Cuando estaba ya a punto de llegar el invierno, ella ya estaba muy pesada y pensó que alguien debería ayudarla, sintió miedo y lloró.
Hacía meses que se metía en una cueva, se sentía bien allí, hablaba con su madre que apenas conoció y con su abuela que la había criado y ayudado con sabios consejos...

Y el día 20 de diciembre, como por arte de magia, Heriberto apareció.

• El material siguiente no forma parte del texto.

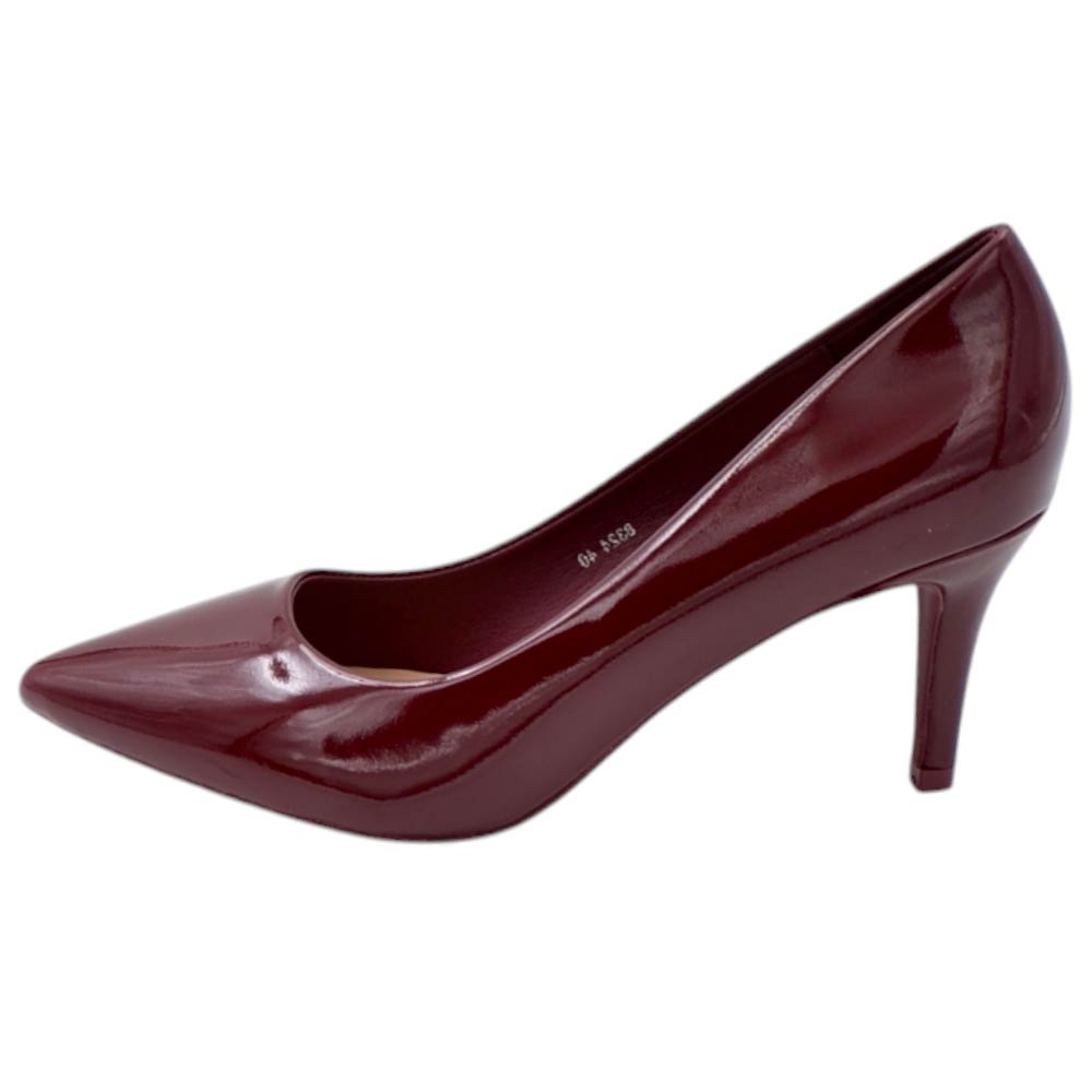 Decolette' donna in pelle vernice lucida bordeaux punta tacco rocchetto 8 cm linea basic

-Vengo a ayudarte en el nacimiento de tu hijo
-Pero eres ciego, no podrás
-Confía en mí, todo saldrá bien. No te he dicho que tu hijo también hará grandes milagros.

Ella prefirió parirlo en la cueva. Llevaron velas y varias mantas y almohadas, ropita para cubrirlo...

-No te preocupes -dijo el caballero- no tendrás dolor, él viene para sanar no para herir

Así fue. Heriberto lo recogió, lo limpió y lo cubrió y Arlinda lo puso a su pecho. Toda la cueva se había llenado de luz y lo primero que se oyó fue la voz del caballero:

-Puedo ver, puedo ver y tenía razón porque eres la mujer más hermosa que pueda haber en la Tierra.

Arlinda no contestó porque estaba viendo que aquella luz que el niño desprendía estaba formando una espiral que se iba agrandando cada vez mas y en ella estaba viendo las escenas de lo que, desde ahora, sería su vida, la de su hijo y la del caballero que los acompañaría protegiéndolos hasta tierras muy lejanas dónde nadie los conocía pero en la que serían muy felices hasta que el niño llegara a su edad adulta.

Luego todos los animalitos con sus crías entraron en la cueva y después llegó una estrella y le dijo a Arlinda que pronto vendrían unos reyes desde muy lejos y luego comenzó a nevar y cada copo fue como una bendición.